2004.11.29 Urumqi, China

An Open Letter to Students of English in China:

Can I offer some advice? Really, I think it will help the both of us. See, we've met so many times already: there was that time last week when I was waiting on the bus. There was that other time I was chatting with friends in a restaurant, and those so many days I was minding my own business strolling across campus. Were you observing me over the course of the term before finally initiating the conversation or was it a spur-of-the-moment action? Whatever the case, your approach didn't work.

Those first couple times it was difficult for me to turn you down. When somebody comes up and says, "I want to be your friend," I automatically go into gentle mode. In English, a sentence of that nature is a cue that the speaker must be either a young child or in some way socially retarded. I used to hem and haw, unsure how to react. It seemed so cruel to dismiss somebody who came up, openly asking to be my friend. At this point I've heard that line so many times it now has the opposite effect.

May I present some suggestions? Had you avoided each of the Seven Deadly Errors in Opening Lines when Chatting-Up an American, I might well have gone out and bought you dinner on the spot. Every English-language groupie I've met yet far in China has violated at least one of these sacrosanct rules--I would be mightily impressed by somebody who didn't. Take them to heart:

  1. Do not tell me, "I want to be your friend."
  2. Do not ask me, "Are you English?"
  3. Do not invite me to come teach at your friend's private English training center.
  4. Do not interrupt me when I am eating, or having a conversation with somebody else.
  5. Do not demand my phone number.
  6. Do not inform me how fascinated you are by the culture of my country, especially if that is defined by The Carpenters or Hotel California.
  7. Do not propose that I help you practice English.
How do we do it, then? As Americans, it's more natural for us to be introduced through friends than to walk up to somebody on the street and try to get free English lessons. The street approach is possible, though. If you don't have the guanxi to get to know me in the manner I'm more comfortable with, try this out on the street:

Please understand that even if you do use this approach, I may still not call you back.
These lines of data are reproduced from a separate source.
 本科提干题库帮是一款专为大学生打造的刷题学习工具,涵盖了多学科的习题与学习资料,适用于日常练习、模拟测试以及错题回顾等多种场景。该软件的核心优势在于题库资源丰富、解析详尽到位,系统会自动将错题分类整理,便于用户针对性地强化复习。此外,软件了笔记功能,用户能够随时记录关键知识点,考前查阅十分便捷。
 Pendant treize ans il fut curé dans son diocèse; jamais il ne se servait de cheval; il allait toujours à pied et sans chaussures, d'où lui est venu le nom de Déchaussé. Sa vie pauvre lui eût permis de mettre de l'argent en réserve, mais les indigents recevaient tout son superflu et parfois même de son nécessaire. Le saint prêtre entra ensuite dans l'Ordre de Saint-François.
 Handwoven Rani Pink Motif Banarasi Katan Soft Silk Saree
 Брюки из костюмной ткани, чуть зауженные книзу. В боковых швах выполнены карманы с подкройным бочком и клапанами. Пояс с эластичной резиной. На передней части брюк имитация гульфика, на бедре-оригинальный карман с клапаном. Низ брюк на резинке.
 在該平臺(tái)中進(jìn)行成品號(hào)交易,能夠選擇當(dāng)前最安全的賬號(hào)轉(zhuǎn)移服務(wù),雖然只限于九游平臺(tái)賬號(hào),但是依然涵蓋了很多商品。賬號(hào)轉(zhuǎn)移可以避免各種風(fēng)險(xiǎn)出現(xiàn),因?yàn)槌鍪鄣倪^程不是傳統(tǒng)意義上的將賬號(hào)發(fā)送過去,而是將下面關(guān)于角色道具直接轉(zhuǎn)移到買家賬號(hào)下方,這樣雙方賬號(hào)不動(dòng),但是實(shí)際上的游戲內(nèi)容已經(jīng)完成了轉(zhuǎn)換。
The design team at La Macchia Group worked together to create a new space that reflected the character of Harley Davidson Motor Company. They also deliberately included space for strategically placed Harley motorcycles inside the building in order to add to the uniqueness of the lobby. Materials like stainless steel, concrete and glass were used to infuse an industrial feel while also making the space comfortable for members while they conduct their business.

There are 1.3 billion of you in this country who all just got the same idea: learning English is the route by which bountiful fortune, happy family, and cherish-the-rainbow are all achieved. I've come here because I am as interested in the cultures here as you are in mine. Unfortunately, there aren't as many of me as there are of you. I personally am more interested in the cultures of your 55 Happy Minority Nations than the big-star of the Han People, so you might have more luck with me if you happen to be Uighur, Mongol, or Tajik. Sorry, that's just me.

Best of luck with your study of English.